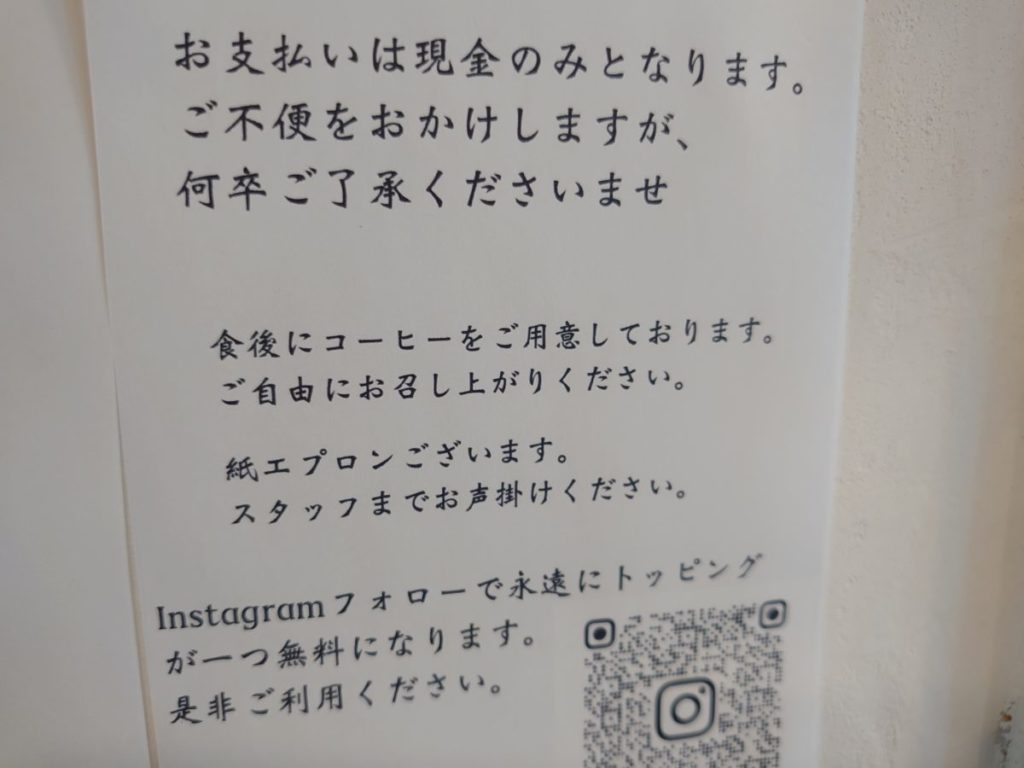 お店のインスタフォローで+100円のトッピングが1つ永遠無料に。
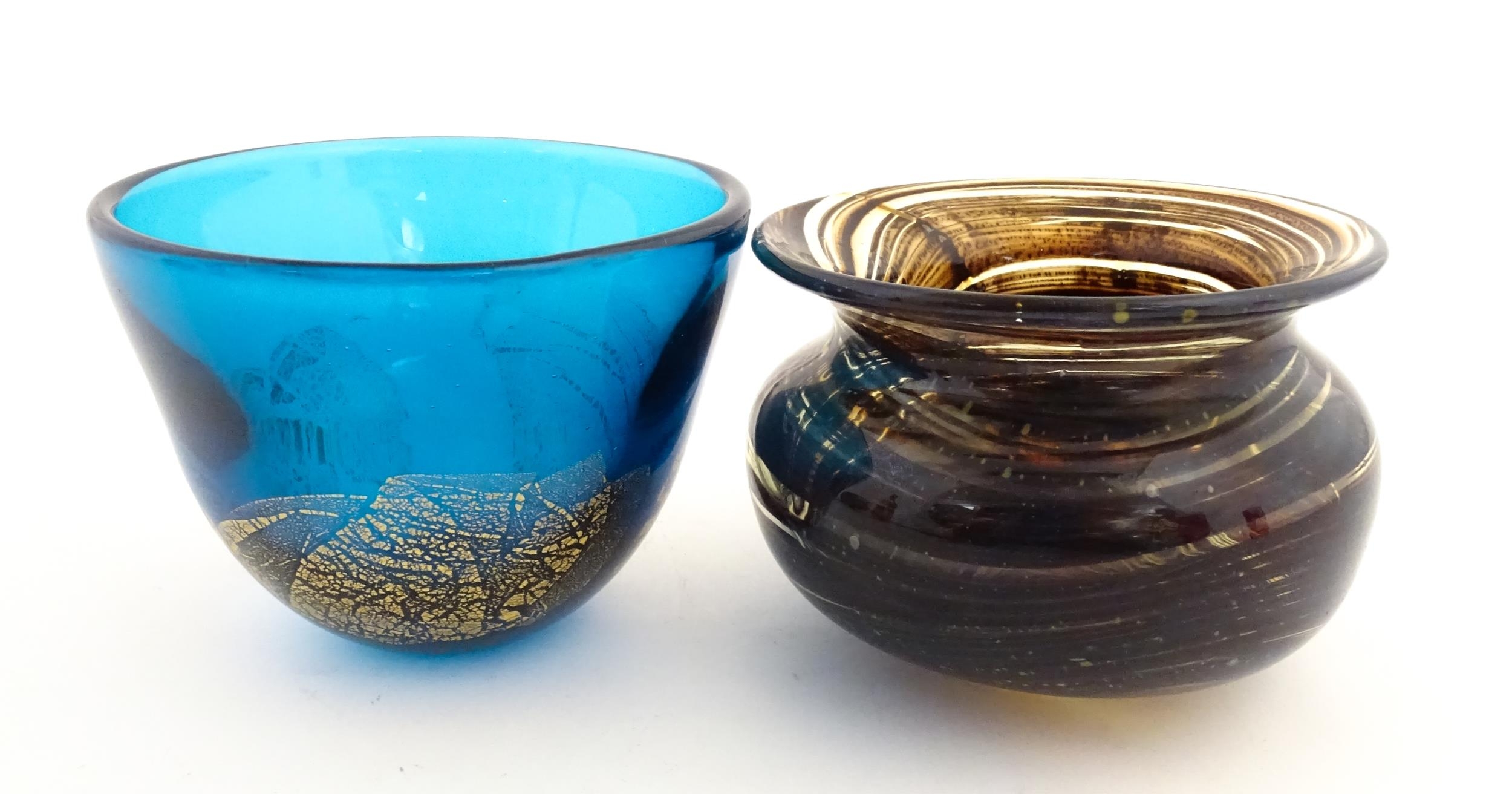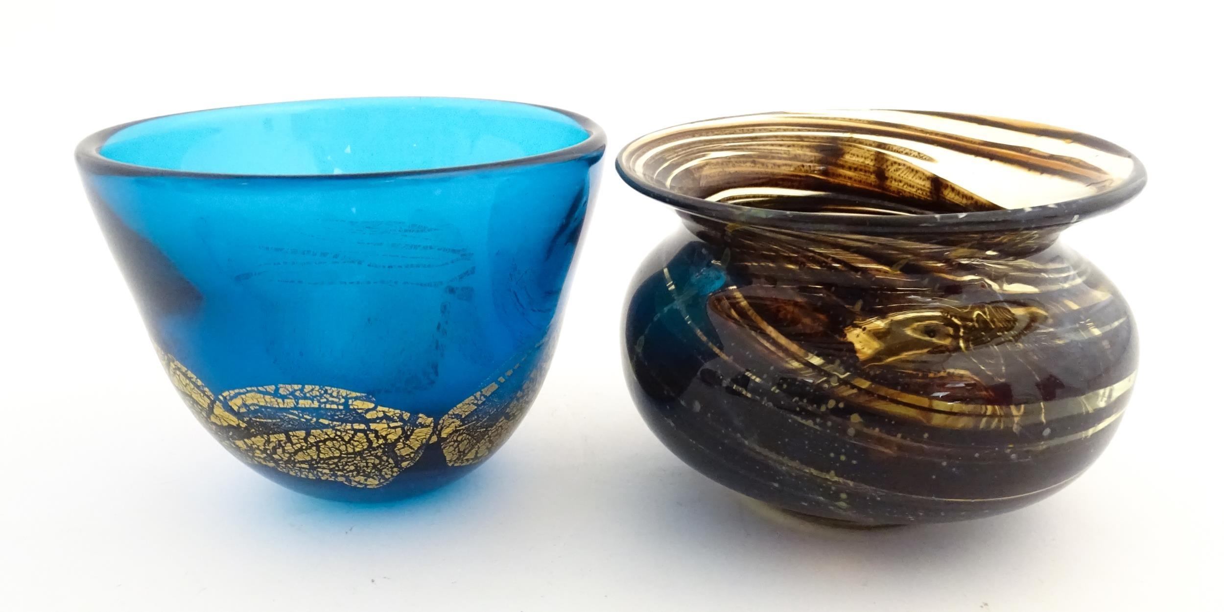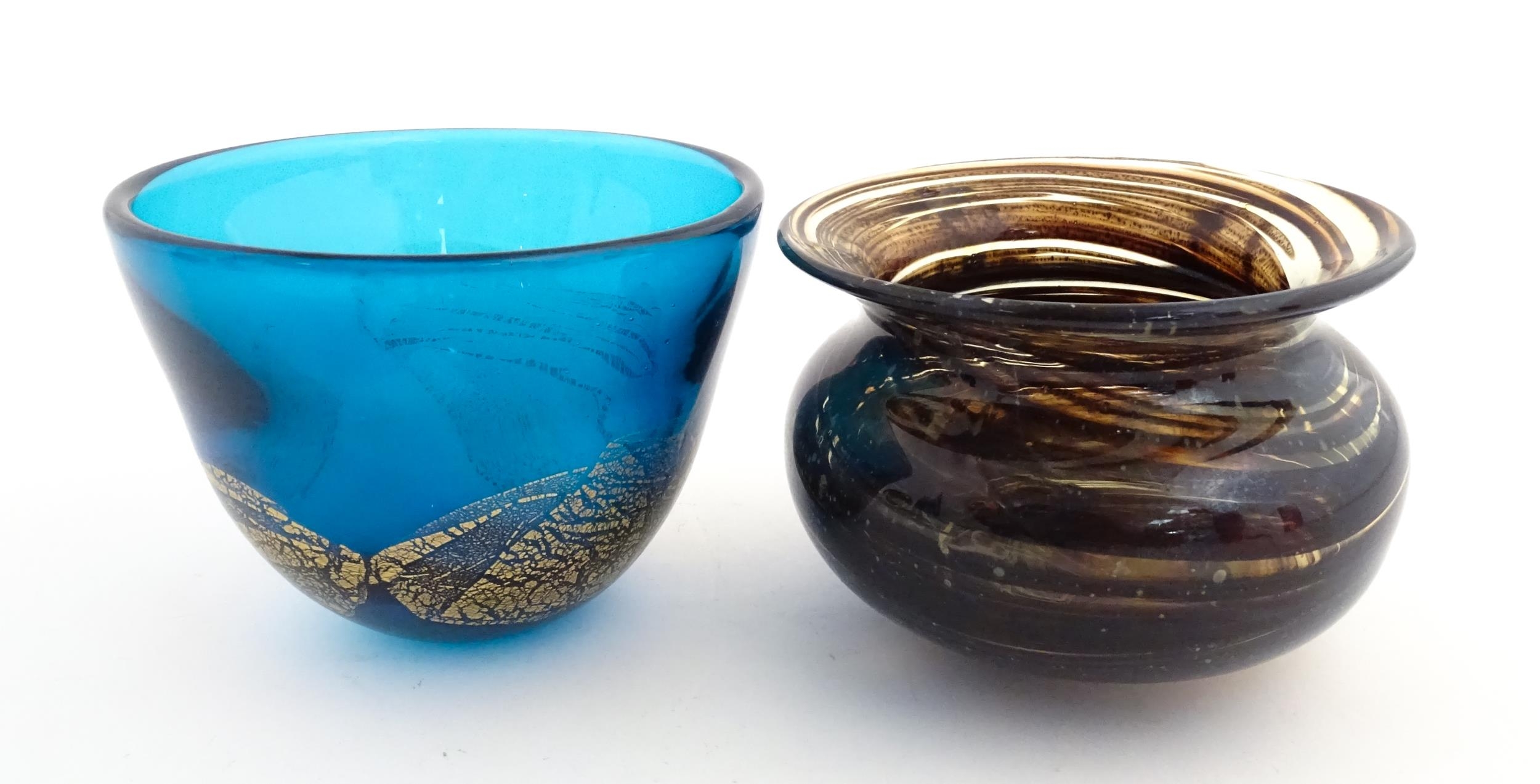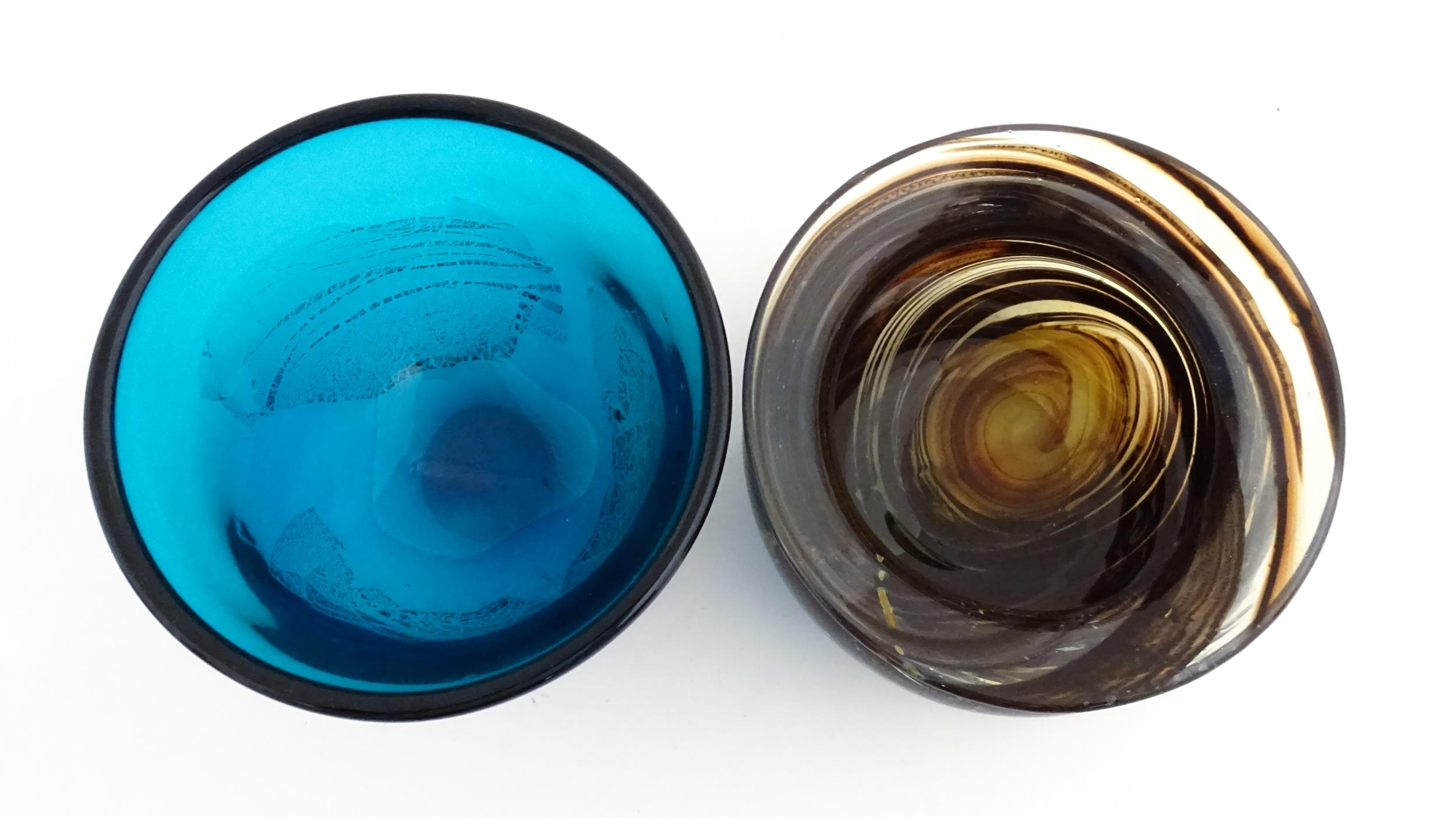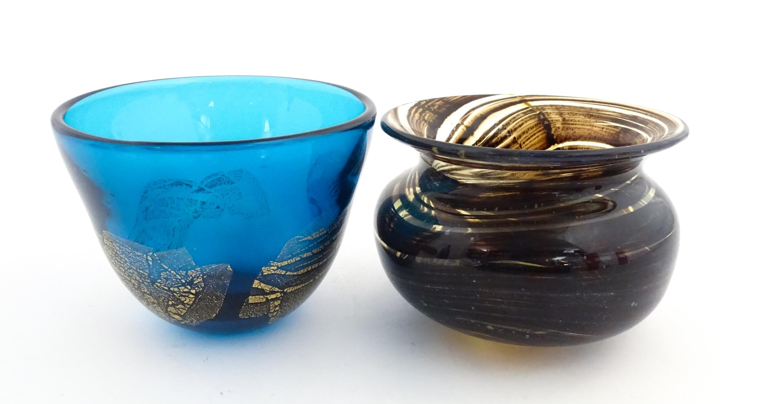 A Maltese glass bowl signed under Fujisawa Malta 2002, together with another studio glass bowl, unsigned. The largest approx 4" high (2)
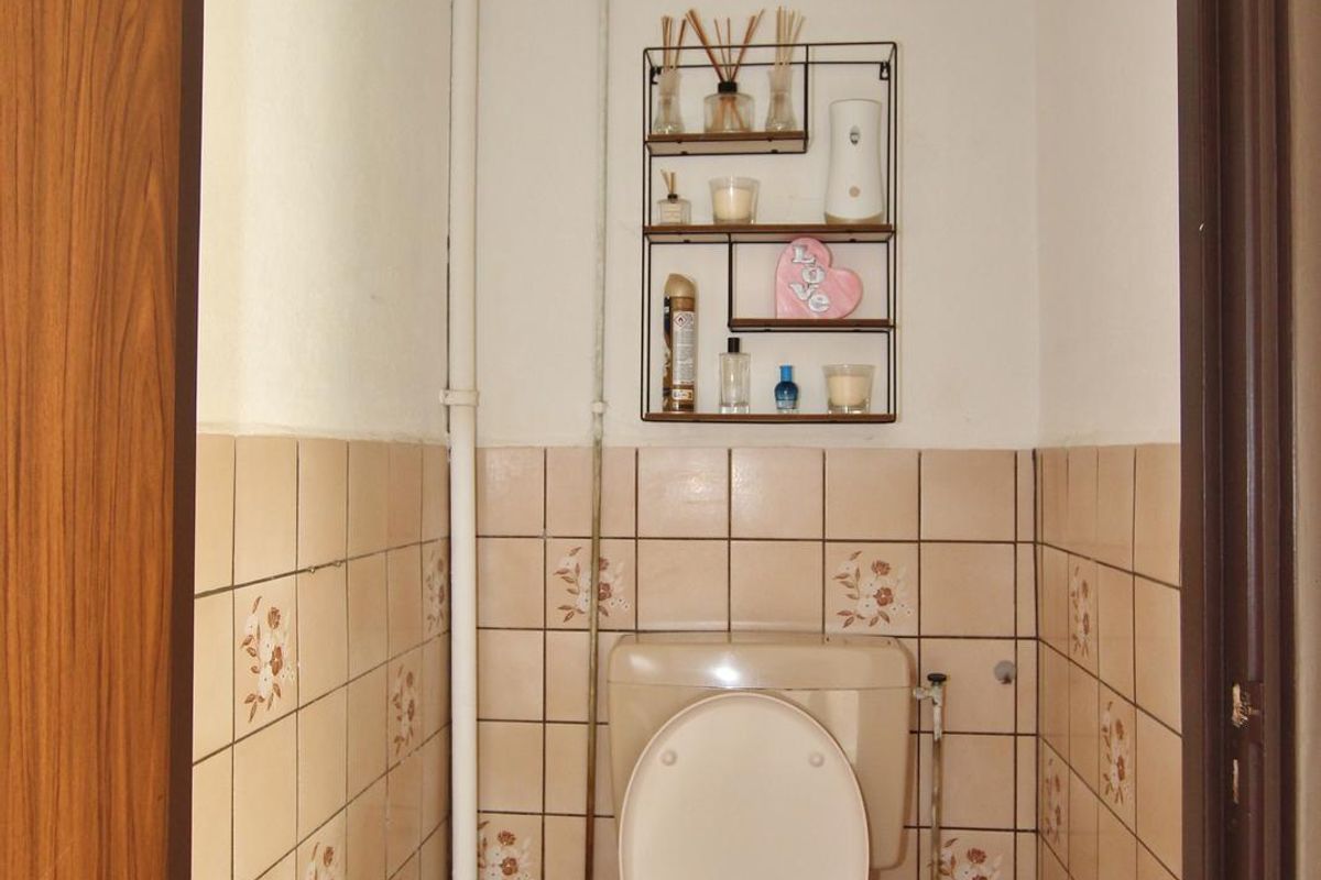 De badkamer (ca. 3,00 x 1,50 m) is uitgerust met een douchecabine, wastafelmeubel met spiegelkast en sanibroyeur.

» **Task to complete**
Every line above is to be repeated exactly, but no picture is to appear in the copy.

» **Response**
 お店のインスタフォローで+100円のトッピングが1つ永遠無料に。
 A Maltese glass bowl signed under Fujisawa Malta 2002, together with another studio glass bowl, unsigned. The largest approx 4" high (2)
 De badkamer (ca. 3,00 x 1,50 m) is uitgerust met een douchecabine, wastafelmeubel met spiegelkast en sanibroyeur.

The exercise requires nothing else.